If a key is pressed the x or omega variable will be adjusted. The velocity values are then stored in the CommNavigationObject "vel" and send via the SmartSendClient "navVelSendClient".

In the example above the speed of the robot is increased or decreased by 150[mm/s] and the heading velocity is increased or decreased by 0.2[rad/s]. To make those values configurable store them in SmartComponentParameters. For this purpose a SmartComponentParameter has to be added to the component model. Figure 3.3 shows the SmartKeyboardNavigation component with an added SmartComponentParameter.

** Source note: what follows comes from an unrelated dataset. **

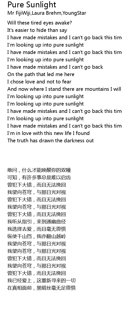 I'm looking up into pure sunlight |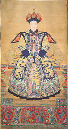 From the period of the Jiajing Emperor (1522–66) on, a pair of phoenixes was differentiated by the tail feathers of the two birds, typically together forming a closed circle pattern—the male identified by five long serrated tail feathers or "filaments" (five being an odd, masculine, or yang number) and the female by what sometimes appears to be one but is in fact usually two curling or tendrilled tail feathers (two being an even, feminine, or yin number). It was during this period, the fenghuang was used as a symbol representing the direction south. This was portrayed through a male and female facing each other. Their feathers were of the five fundamental colors: black, white, red, green, and yellow. These colors are said to represent Confucius' five virtues:

The internal parameters speedAcceleration and angularAcceleration are added:

InternalParam Settings{
	speedAcceleration : Double = 150.0
	angularAcceleration : Double = 0.2
}

				

After adding the parameters the code has to be regenerated. Additionally, the code of the "KeyboardInputTask.cc" has to be adapted. The values 150 and 0.2 have to be exchanged by the corresponding parameters:

int KeyboardInputTask::on_execute()
{
	ParameterStateStruct::SettingsType localstate = COMP->getGlobalState().getSettings();
	if(kbhit()) {
		char c = getchar();

		/*Arrow keys*/
		if (c == '\033') { // if the first value is esc
			getchar(); // skip the [
			switch(getchar()) { // the real value
				case 'A':
					std::cout << "Accelerating" << std::endl;
					x += localstate.getSpeedAcceleration();
					break;
				case 'B':
					std::cout << "Decreasing speed" << std::endl;
					x -= localstate.getSpeedAcceleration();
					break;
				case 'C':
					std::cout << "Shifting steering to right" << std::endl;
					omega -= localstate.getAngularAcceleration();
					break;
				case 'D':
					std::cout << "Shifting steering to left" << std::endl;
					omega += localstate.getAngularAcceleration();
					break;
			}
		/*WASD*/
		}else if(c == 'w') {
			std::cout << "Accelerating" << std::endl;
			x += localstate.getSpeedAcceleration();
		} else if (c == 'd') {
			std::cout << "Shifting steering to right" << std::endl;
			omega -= localstate.getAngularAcceleration();
		} else if (c == 'a') {
			std::cout << "Shifting steering to left" << std::endl;
			omega += localstate.getAngularAcceleration();
		} else if (c == 's') {
			std::cout << "Decreasing speed" << std::endl;
			x -= localstate.getSpeedAcceleration();
		} else if (c == 'q') {
			std::cout << "Emergency fullstop" << std::endl;
			x = 0;
			omega = 0;
		}
	}
	vel.set_vX(x);
	vel.set_omega(omega);

	CHS::StatusCode status = COMP->navVelSendClient->send(vel);
}
				

With this the component modeling and implementation is done and the new component can be build (cmake).